Larry Wall wrote:

On Tue, Mar 15, 2005 at 02:25:01PM -0600, Rod Adams wrote:
: In Perl 6, all builtin functions belong to a named package. Not all
: functions are guaranteed to be imported into the global package
: C<::*>. In addition, the list of functions imported into C<::*> will be
: subject to change with each release of Perl. Authors wishing to
: "Future Proof" their code should either specifically import the
: functions they will be using, or always refer to the functions by their
: full name.

Hmm, what I said was supposed to be policy for just the development
release of 6.0.0.  However, it's not that far off from the general
case if you add something along the lines of:

   After 6.0.0 comes out, global aliases will not be removed lightly,
   and will never be removed at all without having gone through a
   deprecation cycle of at least a year.  In any event, you can specify
   that you want the interface for a particular version of Perl, and
   that can be emulated by later versions of Perl to the extent that
   security updates allow.

Interestingly, that last sentence means that different modules can
have different views of * space.  But really, that just falls out
of ordinary module versioning, if you can warp your brain around to
thinking of * as an ordinary versioned module.  The long name of *
just happens to include the Perl version number, and could presumably
even include different "authors" if we ever fork Perl.
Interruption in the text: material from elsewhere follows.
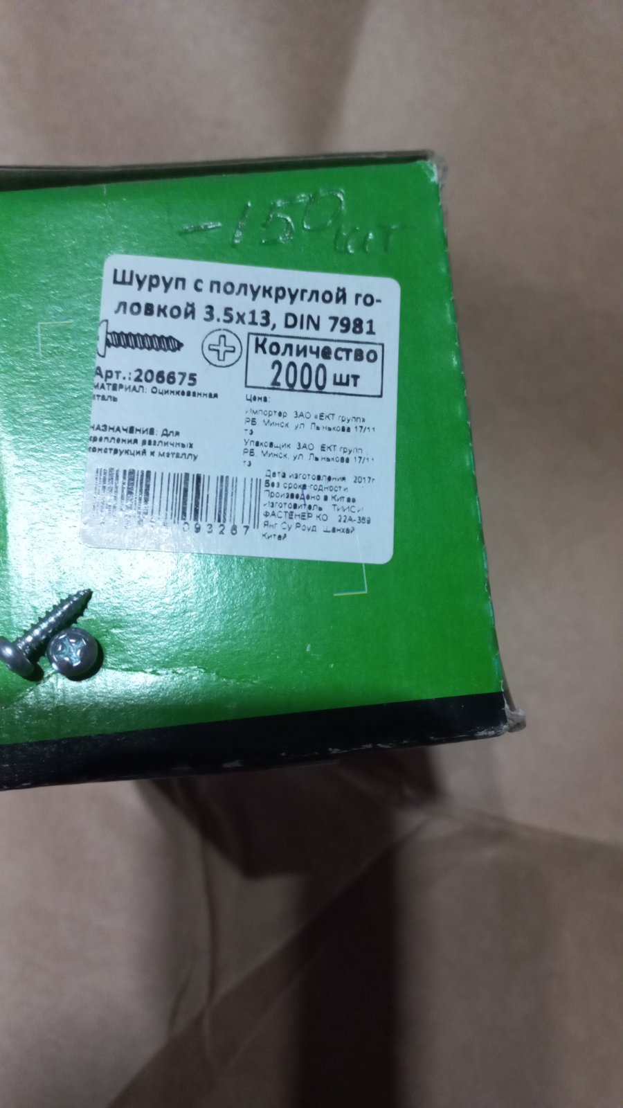 Шуруп с полукруглой головкой 3,5х13мм, DIN 7981 – 9 800 шт.
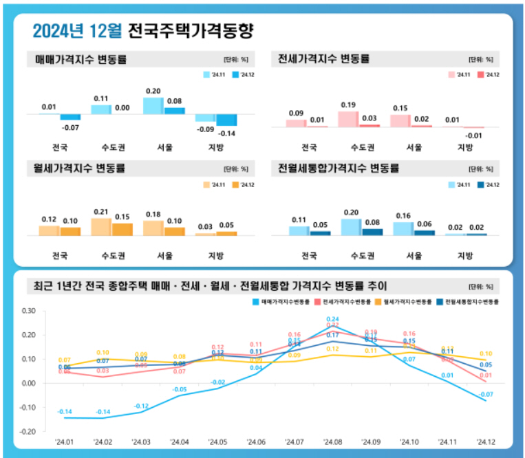 전국 집값(-0.07%)의 경우 11월 대비(0.01%) 상승에서 하락 전환됐다. 수도권(0.11%→0.00%)은 상승에서 보합 전환, 서울(0.20%→0.08%)은 상승폭 축소, 지방(-0.09%→-0.14%)은 하락폭이 확대됐다.

"Add something along the lines of" was interpreted as "clip and paste into 
S29.pod".

I wasn't meaning to imply that bindings would be changed willy-nilly in 
production, but I can see how that could be inferred from what I wrote. My main 
intention was that it *could* change over time.

These whole paragraphs can be reworded later, possibly at the same time we sit 
down and figure out the policy of what gets imported into *:: when.